Tout le mystère révélé par Le Code Da Vinci vient heurter nos convictions les plus formelles à propos de la foi chrétienne.
En effet, Dan Brown, dans son roman, nous démontre que Jésus-Christ est la figure religieuse que l'ont sait, mais Jésus en tant qu'homme eu une vie qui aurait eu des ressemblances avec celle de tous les hommes.
Notamment, il aurait entretenu une relation intime avec Marie-Madeleine et la polémique autour du Code Da Vinci tourne autour de cette hypothèse.
De plus, une fille du nom de Sarah serait née de cette union et cette descendance aurait été protégé par un groupe d'initié : Le Prieuré de Sion. Le secret aurait été gardé depuis des siècles et codé par ce groupe d'inités, dont faisait partie Leonard De Vinci en tant que grand maître du Prieuré de Sion.
L'Eglise Catholique aurait donc savamment occulté cette vérité pour ne pas perturber la foi des fidèles en brouillant l'image d'un Christ chaste.

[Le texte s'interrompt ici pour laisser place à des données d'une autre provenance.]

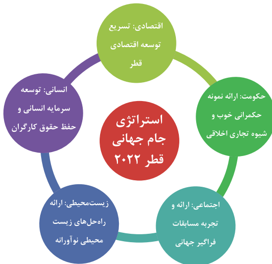
شکل شماره ۲: ارکان استراتژی قطر در جام جهانی ۲۰۲۲

برنامه توسعه ملی ۲۰۲۰ قطر که در سال ۲۰۰۸ تدوین شد، در پی جامعه پیشرفته در پنج رکن اساسی توسعه حکومتی، اقتصادی، اجتماعی، انسانی و زیست‌محیطی است. در چارچوب آن نهادها و سازمان‌های دولتی، غیردولتی، محلی و بین‌المللی در راستای برنامه توسعه هماهنگ شده‌اند. به گفته مقامات قطر ورزش یکی از حوزه‌های است که بر روی هر چهار راهبرد اثرگذار است. برندسازی در حوزه ورزش، جذب گردشگر از طریق ورزش، میزبانی رویدادهای ورزشی از جمله اقدامات ورزشی برای پیشبرد سند ملی ۲۰۳۰ قطر است. در واقع در چارچوب چشم‌انداز ۲۰۳۰ قطر به دنبال این است تا به عنوان کشور استاندارد شناخته شود و ورزش می‌تواند مسیر رسیدن به این هدف را هموار کند. در شکل ارکان سند چشم‌انداز ملی و رابطه آن با صنعت ورزش آورده شده است.

A partir des faits relatés dans le roman, il faut plonger dans d'autres livres tels que "L'Enigme Sacrée", la "Clef du mystère de Rennes le Château" et bien d'autres pour trouver des faits troublants par rapport à la relation que Jésus aurait entretenu avec Marie-Madeleine.
La base de l'énigme démarre au travers de l'histoire de Rennes Le Château et de son abbé Béranger Saunière.
Le roman prend pour supporter sa thèse deux évangiles gnostiques du IIème siècle : l'Evangile de Philippe et l'Evangile de Marie.
Selon l'Evangile de Philippe, Jésus aurait mis Marie au rang de sa disciple la plus proche. Il parle même de baisers sur la bouche entre les deux personnes. Cela dit, le baiser est aussi un symbole d'amour et d'initiation qui n'implique pas forcément le sexe ou le mariage.
Pour l'Evangile de Marie, les deux êtres étaient aussi étroitement liés, suggérant même un parcours initiatique dense de la part de Jésus vers Marie-Madeleine. On note aussi une certaine jalousie de la part de Pierre à l'encontre de Marie-Madeleine.